Solo. No tenía ni hermanos ni televisor. Me acuerdo del gran piso sombrío de la Avenue des Vosges de Estrasburgo, donde esperaba, durante largas horas cargadas de angustia, a que volvieran mis padres y envolvieran mi silencio con su silencio.

En el avión que nos devolvía a Francia, asedié a Lisa a preguntas.

–Oye, Lisa, ¿hay algo importante que no me hayas dicho?

–No, ¿a qué te refieres? – contestó.

–A algo… algo que nos concierne, a ti y a mí…

–¿Cómo? – dijo-. ¿No estarás otra vez con la historia del tío Morali?
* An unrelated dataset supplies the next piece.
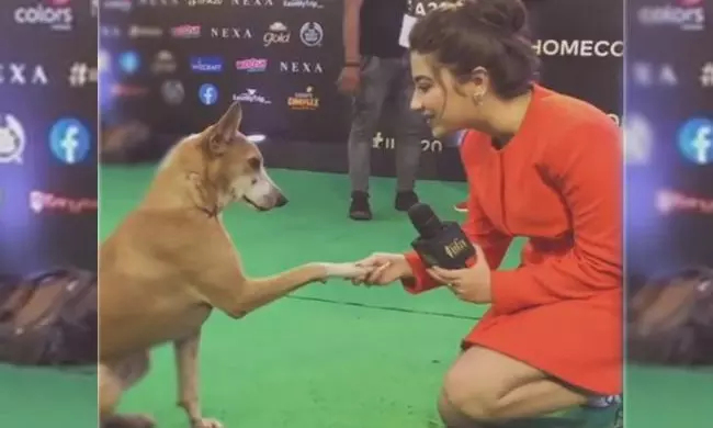 ఇంటర్నేషనల్ ఇండియన్ ఫిల్మ్ అకాడమీ అవార్డ్స్ ముగిశాయి. 2019, 20వ ఎడిషన్ వేడుకల్లో అంగరంగ వైభవంగా జరిగాయి. అయితే ఆ అవార్డు ఫంక్షనుకు ఓ అనుకొని అతిధి వచ్చింది. ఎంత మంది సెక్కూరిటీ ఉన్నా వాళ్లను దాటుకొని ఆ అతిధి వచ్చింది. నిజానికి ఆ ఫంక్షన్లో చాలా హై సెక్యూరిటీ ఉంటుంది. అయినప్పటికీ అక్కడకు ఆ కుక్క వెళ్లడం విశేషం. అక్కడ కుక్కు తిరుగుతుండటం నటి అదితి భాటియా కంటపడింది. దీంతో ఆమె మైక్ పట్టుకుని ఆ కుక్కను ఇంటర్వ్యూ చేశారు. అదితి ఆ కుక్కను ఇంటర్వ్యూ చేయటం ప్రస్తుతం సోషల్మీడియాలో వైరల్గా మారింది. గ్రీన్ కార్పెట్ మీద అటు ఇటు పచార్లు చేయటం మొదటుపెట్టింది. మొదట ఆ కుక్కను అదితి భాటియా పలకరించగానే అది ప్రేమగా ఆమెతో కరచాలనం చేసింది. అనంతరం ఆమె కొన్ని ప్రశ్నలు అడగ్గా మౌనంతోనే సమాధానం చెప్పింది. అదితి ఈ వీడియోను తన ఇన్స్టాగ్రామ్ ఖాతాలో షేర్ చేశారు. షేర్ చేసిన రెండు రోజుల్లోనే ఈ వీడియో 6 లక్షల వ్యూస్ సంపాదించుకుంది. ఆమె చెబుతున్నది వింటూ ఆ కుక్క ఎంతో పద్ధతిగా ఉండటాన్ని నెటిజన్లు మెచ్చుకుంటున్నారు. రకరకాల కామెంట్లు చేస్తున్నారు.

Desde aquella terrible entrevista con Mina, después del anuncio de nuestra boda, en la que ésta había mencionado «la historia del tío Morali» sin precisar de qué se trataba, no había parado de hacerle preguntas a Lisa, que siempre respondía con un encogimiento de hombros, negándose a explicármelo.

–No, no es el tío Morali -repuse con tono fatigado-. Es… tu vestido, eso…

–¿Qué? ¿Qué le pasa al vestido?

Dirigí la mirada a la protuberancia de su vientre. Ella lo vio y se ruborizó.

–Lisa, ¿no estarás embarazada?

Me miró como si no comprendiera. Luego bajó los ojos.

–Sí.

–¿Sí? ¿Eso es todo? Pero ¿por qué no me lo has dicho?

–No sé… Es que…

–Pero ¡si es maravilloso! ¡Es fantástico! Es… ¿Desde cuándo?

–Debe de hacer justo dos meses.

Dos meses… Aquello remitía a la primera noche que habíamos pasado juntos.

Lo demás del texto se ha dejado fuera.